§ **Exercise goal**: Look in the listing below for the line that has "DB 232 209-7", then return it and each following line up to and including the one with "தண்டவாளம் அருகே பட்டம்", exactly and without pictures.

§ **Data to examine**:

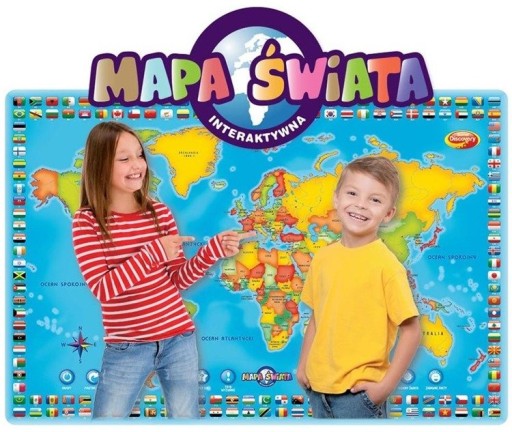 Mapa 2-języczna (pol/ang), opracowana z najwyższym zaangażowaniem i poświęceniem, tak aby dziecko mogło z niej korzystać przez długie lata. Z Interaktywną Mapą dzieci przeżyją niesamowitą podróż dookoła świata. Dzięki niej najmłodsi mają dostęp do szerokiej wiedzy z zakresu 78 państw. Poznają stolice, flagi, języki, którymi posługują się mieszkańcy oraz różne zabawne fakty. Opcja zmiany języka pomoże w nauce języka angielskiego.
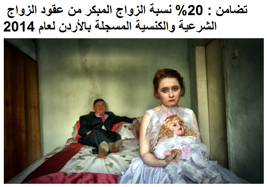 | 20% نسبة الزواج المبكر من عقود الزواج الشرعية والكنسية المسجلة بالأردن لعام 2014 |
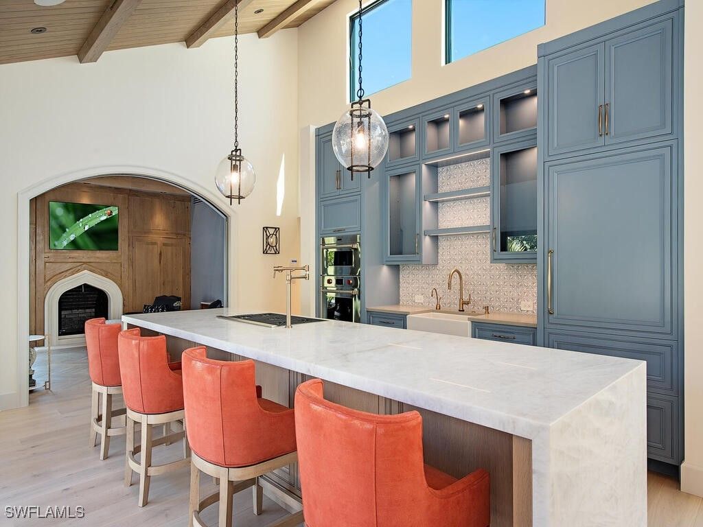 Rare Opportunity in Pelican Bay! Beautifully remodeled 3 Bedroom + Den, 2.5 Bath home in Tierra Mar offers a private pool oasis with tranquil lake views. Sophisticated 2020 renovation (down to the studs) includes all-new plumbing, electrical, LV, Gas, HVAC, and piping. Upgrades include: Wolf & Sub-Zero appliances, custom Grabill cabinetry, Cristallo countertops, standalone ice maker and refrigerator drawers, Legno Bastone herringbone & wide-plank wood floors, custom trellis, auto blinds, Sonos sound system, alarm system, impact windows & doors, gas fireplace, and whole-house generator. Enjoy all that Pelican Bay has to offer—two private beach restaurants, full-service beach access with chairs & umbrellas, kayaking, fitness center, tennis & pickleball courts, learning center, and scenic walking & biking paths. Conveniently located near Artis–Naples, Waterside Shops, and fine dining. Experience the best of Naples living in this stunning Tierra Mar residence!
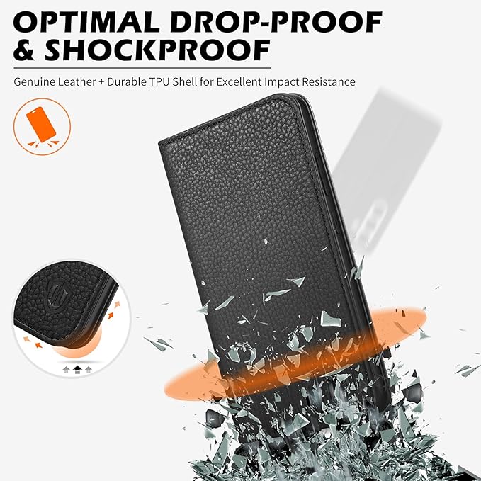 - 【GENUINE LEATHER & FULL PROTECTION】 1. SHIELDON Galaxy S25+ leather cases are made from cowhide leather with litchi pattern + TPU phone holder case. 1. These hides are selected for quality, strength, character and grain. 2. Soft full-body shell comes with shockproof edge and ensures your phone against scratches, drops and bumps. 3. The increased lips around the lens will protect your camera
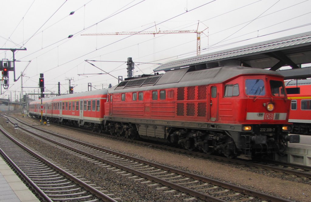 DB 232 209-7 mit dem RE 3626 aus Altenburg, in Erfurt Hbf; 24.01.2011
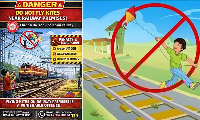 தண்டவாளம் அருகே பட்டம் விடுபவர்களுக்கு 6 மாதம் சிறை அல்லது ரூ.1000 விதிக்கப்படும்" என எச்சரிக்கை விடுத்துள்ளது.
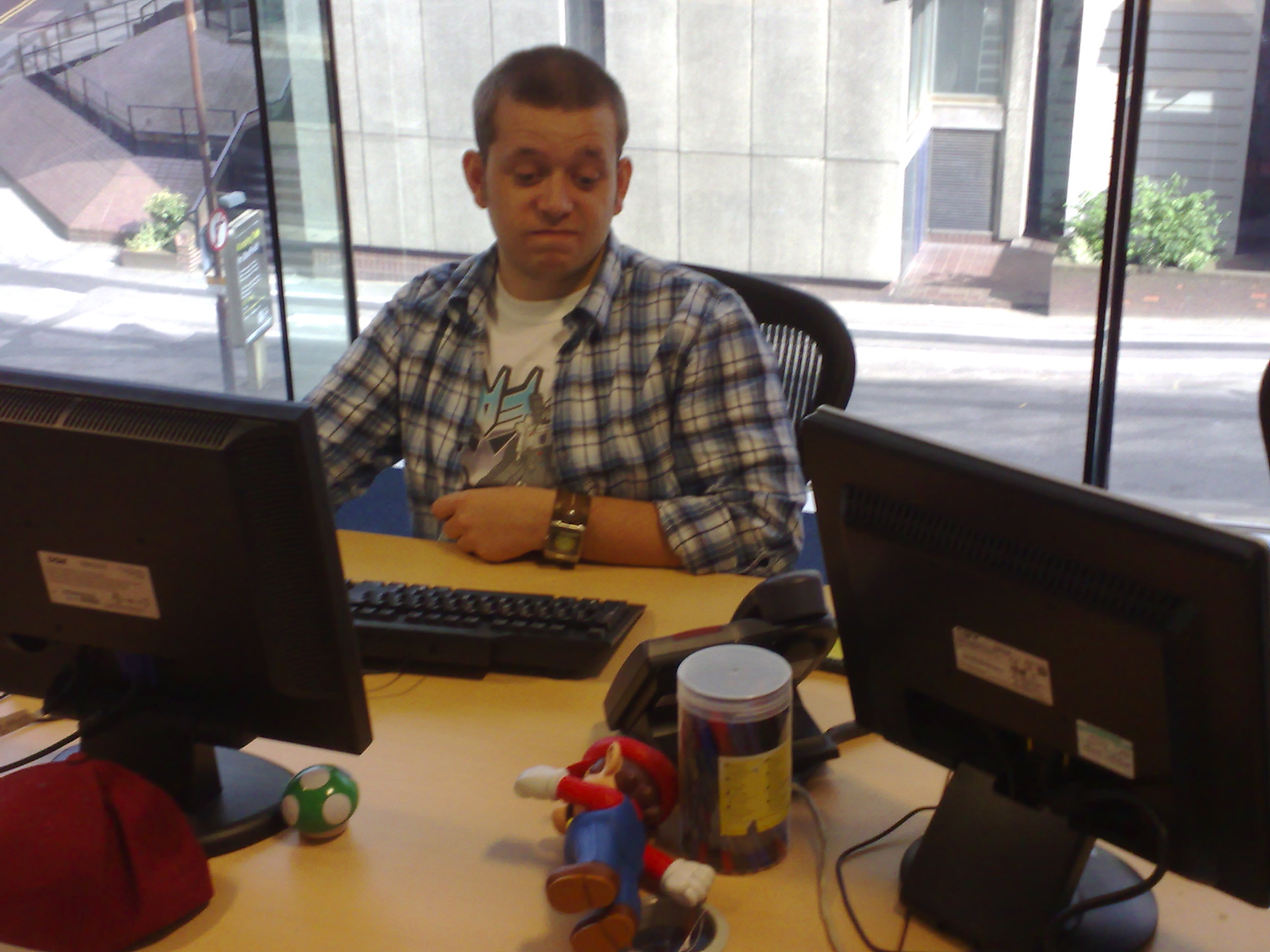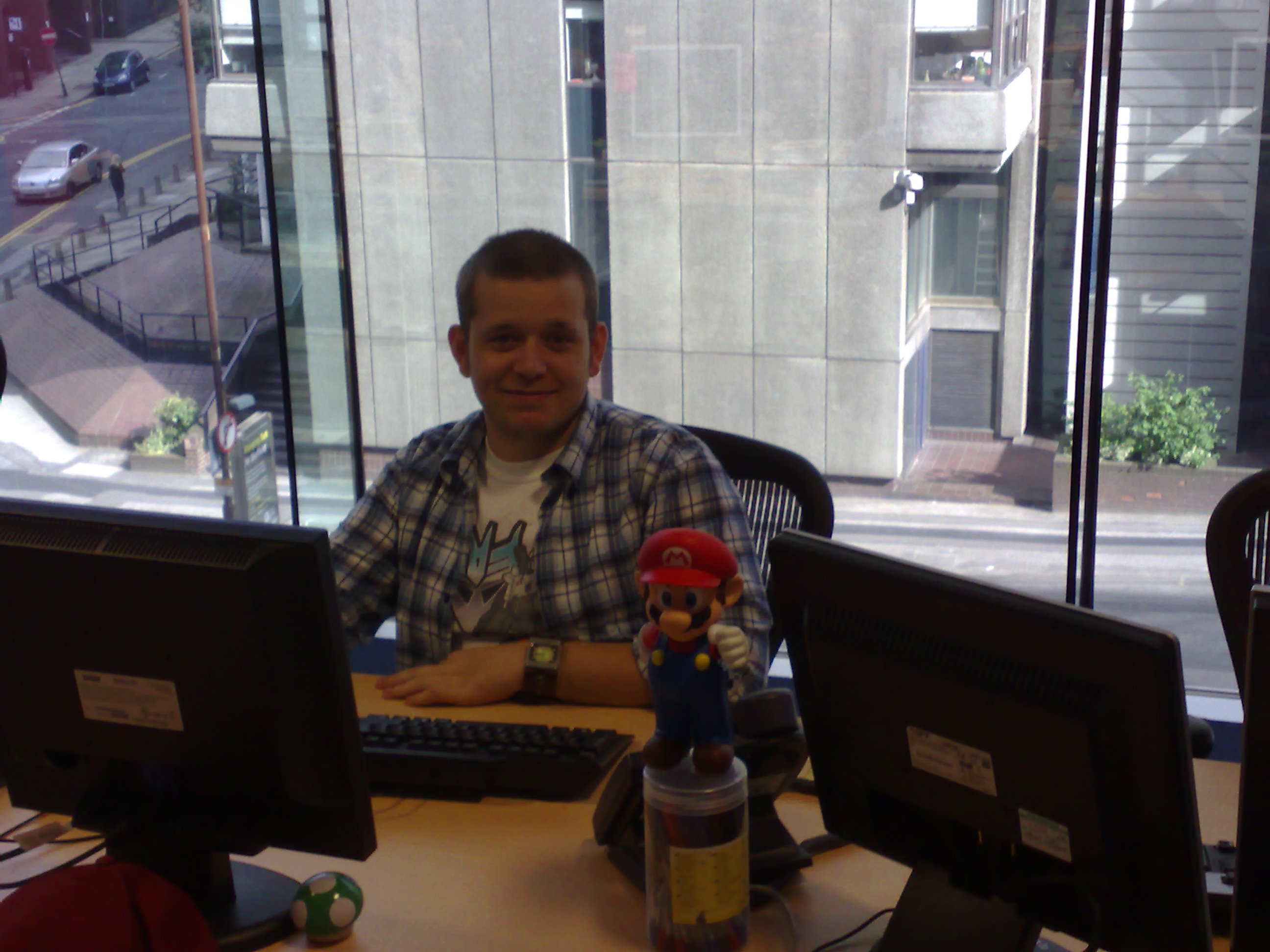 Rich is back from his long raving weekend in Germany, he’s dived right back into things and has been catching up with last weeks events. Dave and Ian have both involved with induction training and various meetings. I’ve been working through my task list, doing some work on homephone calls and telling Mr Bailey off for repeatedly hitting my Mario figure. (Ed: James B has kindly provided some photos of this event both before and after.)

§ **Task solution**:
 DB 232 209-7 mit dem RE 3626 aus Altenburg, in Erfurt Hbf; 24.01.2011
 தண்டவாளம் அருகே பட்டம் விடுபவர்களுக்கு 6 மாதம் சிறை அல்லது ரூ.1000 விதிக்கப்படும்" என எச்சரிக்கை விடுத்துள்ளது.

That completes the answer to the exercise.